Everyone involved in making a drug must have clear roles and responsibilities. Employees must be trained to follow procedure and their performances must be assessed. Training methods must be periodically reviewed so that manufacturers know they remain effective in keeping workers properly trained and competent.
A process is a series of related tasks that together turn inputs into outputs. A procedure is a prescribed way of undertaking a process or part of a process to achieve a consistent end result. Both processes and procedures must be defined and documented to give complete clarity around what a business needs to achieve and how they need to meet the required standards in their operations. All procedures must be laid out clearly and followed. If there is any deviation from standard procedure, it needs to be investigated and reported. Routinely recording data at key stages of manufacture will mean that if there is a problem with a batch and it needs to be recalled, finding the source of any issue or non-conformance in quality will be much easier.
The facility must have clearly documented cleaning procedures for all their premises and equipment. There must be measures in place to prevent cross-contamination. There must be documented instructions for calibrating equipment. The design of a facility must take these requirements into account and equipment must be continuously validated and calibrated to ensure they are fit for purposes and producing consistent results.
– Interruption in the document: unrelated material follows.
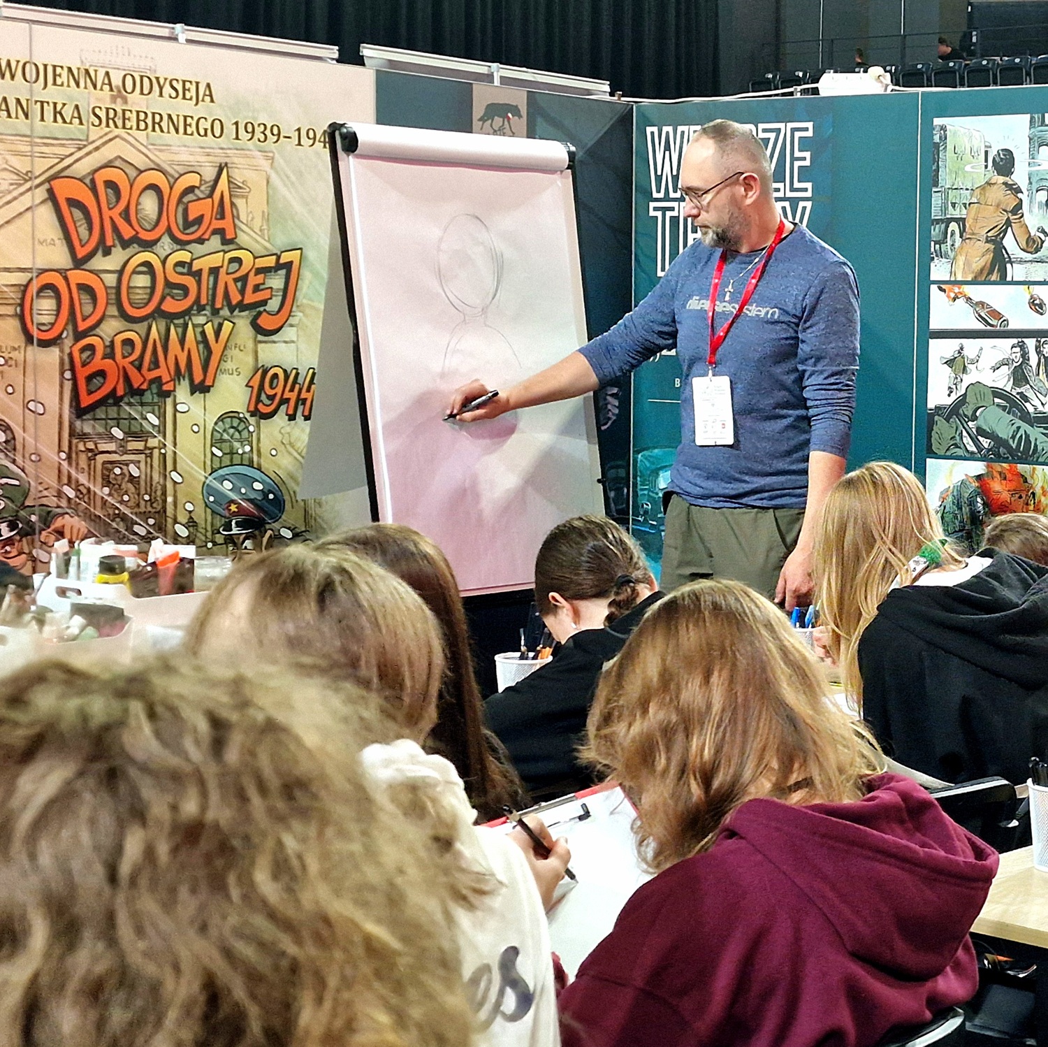 - Zajęcia z twórcami komiksów historycznych: Sławomirem Zajączkowskim (scenarzystą) i Krzysztofem Wyrzykowskim (rysownikiem), autorami serii „W imieniu Polski Walczącej” oraz „Wilcze tropy”. Spotkania były okazją do rozmów o historii, bohaterstwie i przekazywaniu pamięci w nowoczesnej formie.
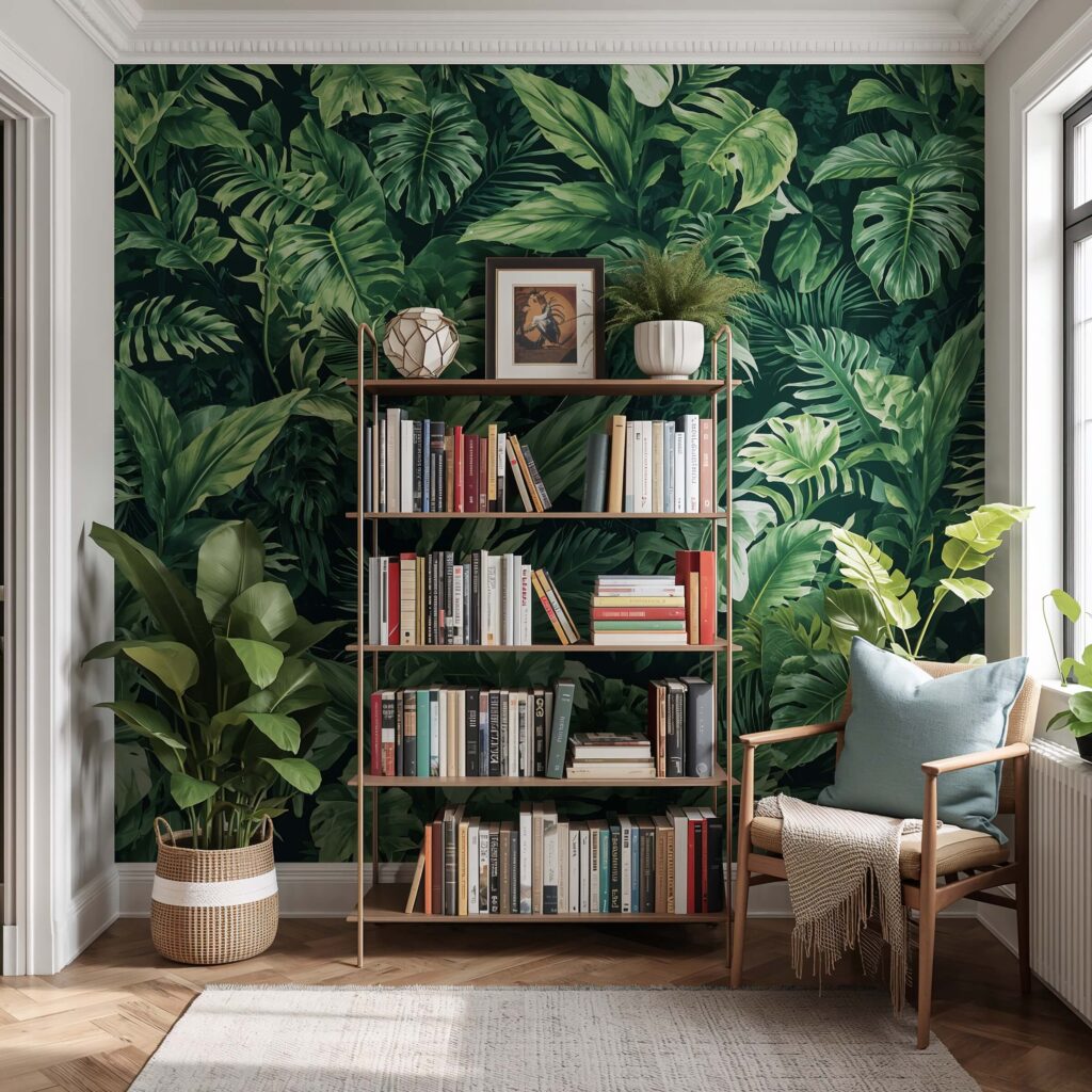 Scale plays a huge role in botanical wallpaper success. Large-scale leaves and flowers work best behind bigger bookshelves, while delicate fern patterns suit smaller, more intimate spaces.

GMP vs cGMP: What is the difference?
All of these ‘Ps’ are intended to support the quality and consistency of the end products that will be used by consumers. And it’s an end to end responsibility, ensuring goods that come into and leave the facility are in good order and handled appropriately. For example, manufacturers must have specifications for all the raw materials and components they use. Overall, they must have repeatable methods for research, development, processing, manufacture and packaging, testing, sampling, status control, stability testing and record keeping.
Digital Quality Management Systems are ultimately the means by which every aspect of the 5Ps are defined and controlled across an organisation and its workforce.
The sophistication and usability of digital tools you use will affect your ability to ensure controlling the 5Ps of GMP are a fundamental part of 'the way you do things'.